DocketNumber: No. 12-2774
Judges: Easterbrook, Flaum, Sykes
Filed Date: 5/31/2013
Status: Precedential
Modified Date: 11/6/2024
ORDER
Matthew Flaskrud raped a woman in front of her two children and in 2004 was convicted of third-degree sexual assault in Wisconsin. See Wis. Stat. § 940.225(3). He was sentenced to 30 months in prison to be followed by a term of extended supervision. Because of his conviction he also was required to register as a sex offender until 2029 under the Sex Offender and Notification Act (“SORNA”). See 42 U.S.C. §§ 16911, 16913, 16915. After serving his prison sentence, Flaskrud was released on supervision but reimprisoned in April 2010 for violating the terms of his supervision by, among other things, punching his son and ignoring a restraining order. Flaskrud was again released on extended supervision in November 2010, but in July 2011 he was arrested and charged with battery after punching a man in a bar. See Wis. Stat. § 940.19(2). He fled to Colorado without updating his sex-offender registration. Federal authorities then charged Flaskrud with traveling in interstate commerce and not updating his SORNA registration. See 18 U.S.C. § 2250(a). Meanwhile, Wisconson authorities dismissed the battery charge after Flaskrud was returned from Colorado, but his supervision again was revoked.
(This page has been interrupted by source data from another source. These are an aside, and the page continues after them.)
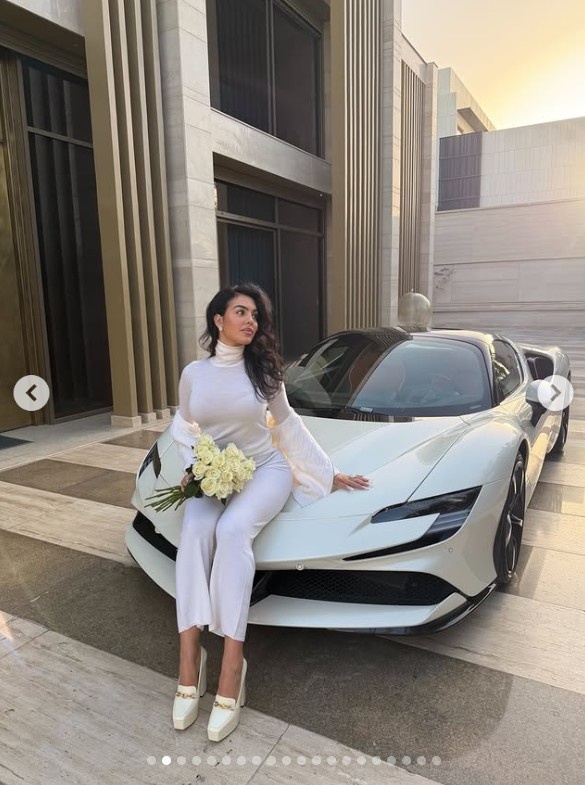 这组动态中还有乔治娜手捧鲜花与法拉利合影的照片,法拉利SF90StradaleAssettoFiorano的零售价约为44万英镑,有些车型的售价甚至更高。
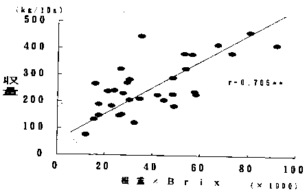 ⑤収量そのものは根のBrix値と根重を掛け合わせたものと高い相関があった(図2)。
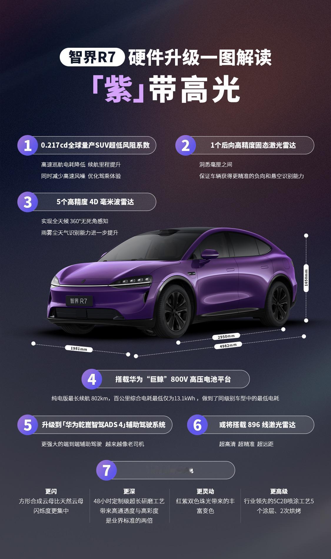 智界R7和新S7的极光新色「暗夜紫」今天首发亮相,灵感来源于神秘罕见的紫色极光 3月23日上市,同一天还有尚界Z7/Z7T和问界M6开启预订,华为这是要包场的节奏?😎 余承东前几天预告过:这次智界焕新不只是换皮肤,座舱和智驾能力都会升级。 具体来看: R7升级点:新增1个高精度固态激光雷达、6个车外麦克风(实现车外车内隔窗对讲/车外语音控车)、1套3分布式4D毫米波雷达矩阵(雨雾尘天气AEB也能刹停)、2个4D毫米波角雷达。传感器总数36个,标配ADS 4。 S7升级点:全系标配192线激光雷达+后向高精度固态激光雷达+4D毫米波雷达,同样搭载ADS 4。还新增R7同款16.1英寸3K屏+语音控车体验+隔窗对讲功能。 暗夜紫+小蓝灯+车外语音+ADS 4...这套组合,你心动了吗?

In federal court Flaskrud pleaded guilty to violating § 2250(a) and was sentenced above the guidelines range to 48 months’ imprisonment. Flaskrud has filed a notice of appeal, but his appointed attorney believes the appeal is frivolous and seeks to withdraw. See Anders v. California, 386 U.S. 738, 744, 87 S.Ct. 1396, 18 L.Ed.2d 493 (1967). Flaskrud has not responded to counsel’s motion. See CiR. R. 51(b). We confine our review to the potential issues identified in counsel’s facially adequate brief. United States v. Schuh, 289 F.3d 968, 973-74 (7th Cir.2002).
Counsel first notes that Flaskrud does not want his guilty plea set aside, and thus counsel properly refrains from discussing the voluntariness of the plea or the district court’s compliance with Federal Rule of Criminal Procedure 11. See United States v. Konczak, 683 F.3d 348, 349 (7th Cir. 2012); United States v. Knox, 287 F.3d 667, 671 (7th Cir.2002).
The motion to withdraw is GRANTED, and the appeal is DISMISSED.